Мужики уселись, сутуля плечи, вытянув ноги на грязный суглинок. Пруд перед ними лежал как огромное размокшее корыто, убранное с дороги в сторону. Все звуки доносились по-над водой обмякшими и неблизкими, но различимыми. Из камышей взбалмошно заквакала лягушка.
– Вот, вся фауна здешняя! – рыжий развеселился в лице еще сильнее.
– Ну, на самом деле, есть ломти!
– А вытаскивал кто? – закавыка пытливо дрогнула.
– Крупных? Я вытаскивал по весне. Хорошо шел.
Полный хлебнул, посмаковал.
– А еще, во! Это не в позатом году, это еще до того, наверное. Ходил парниша сюда. Он сначала тоже на манку ловил. Я вон там, где камыш сходится, а он с этого берега, супротив почти. И потихоньку-потихоньку таскал. Ну, не много, но были у него хорошие, даже граммов триста, такие.
Полный отмерил на руке величину карася, приложив под запястьем горлышко бутылки.
– Так вот. Мы с ним все балакали, что и как. Он-то про карася навострился. И тут, смотрю: с катушкой, с блесной пришел. Я ему и говорю: «Чего тут блеснить-то собрался?» Вон этих только если, лягушек. А он мне говорит, что слышал, как гуляла. Ну ладно, раз слышал… Никто ж не запрещает, – полный пожал плечами. – И давай, значит, бросать. И знаешь, что в итоге? Вон там, где топляк торчит, выдернул. Кила на полтора. Закуканил ее, пошел. Она у него так вот, на виду была.
Полный засмеялся и показал, перебирая пальцами, как свисала с кукана щука.
– Щуку здесь? – рыжий снова изобразил прищур и веселье.
– Ды вон, у топляка, на моих глазах вытянул.
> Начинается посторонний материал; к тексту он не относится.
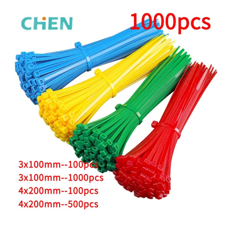 100 200mm Self-locking Plastic Nylon Green Yellow Red Blue Colored Cable Strap Wraps Nylon Zip Cable Tie Set Fasten Tyrap Flange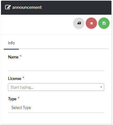 Now, complete the required fields under the Announcement Info tab, and click the save icon on the top right-hand side of the page as shown in Exhibit 3. For your convenience, a description of each field is given below.

Он ваш какой-то, с Западной.
Рыжий упер подбородок в грудь.
– А звали его как?
– Да я что-то не спрашивал, так все с ним: «Привет – привет».
По объездному повороту проехала машина и подняла в воздух песчаную, искристую пыль. В садах за палисадниками опускались вишневые тени. Голоса с того берега слышались все звонче и все свежее.
Полный снова усмехнулся: «Главное, как он нес ее, чтоб прям видно было. Ну, насмотрелись на него. Ему девчонкам, конечно, хотелось показать, но тут все видели». Полный потряс бутылку вверх дном и убрал ее в пакет.
– Давно уж не ходил. Уехал, поди, парень.
– Ты знашь? – рыжий исподтишка, медленно выдохнул слово. Закавыка вклинилась в лицо, как щепная заноза. – Знашь чего?
– Чего?
Рыжий запнулся. Он посмотрел на полного, обхватил колени руками и сказал другое:
– У тебя яблоки будут?
– Хы… На продажу?
– Ну, да.
– Не знаю. У меня налив не родит этот год. Ты у Севиных, в угловом доме, у вас там, купи. Они торгуют.
– Можно.
Изжелта-белое закатное небо расплывалось между берегами и оставляло камыши черными в розовых тенях, как нарисованными. От воды и сбоку солнце обводило мужикам головы и спины ярким контуром.
– Ладно. Жара поспадет и будет ловиться, – полный встал, сложил пакет и удочку. – Пойдешь?
– Посижу.
– Ну, смотри давай.
Полный обошел пруд по гатям, поднялся на дорогу и пошел к Переезду. Навстречу ему отзвенел велосипедный звонок. Слышны были разговоры на лавочках, скрипела колонка, и вслед кому-то хором кричали: «Время-то уже! Смотрел что ли, время-то сколько?»
Рыжий сорвал с куста ивовую ветку, оскоблил ее ногтем и согнул как крючок. Получился кукан. Закавыка обмякла ниже глаз слезной улыбкой.
«Вот тебе и вечная вся. Сколько балаболят – смотри, помнят, как щуку-то. Ну и будет, разве не помин-то? В позатом! Четыре уж как нету. Вот те и «уехал» Серега. Нету, – рыжий не кричал, не выговаривал зло, похоже было, что пел. – Помнят, сын, помнят. Вот и пусть. Вот и гоже, что помнят. Закуканил, а?»
Он прижал ладони к лицу и замолчал.
Люди его не слышали. На улице кое-где раскрывали на ночь окна. У заборов померкли свечи-былинки, и крайние лучи держали позолоту на коньках крыш.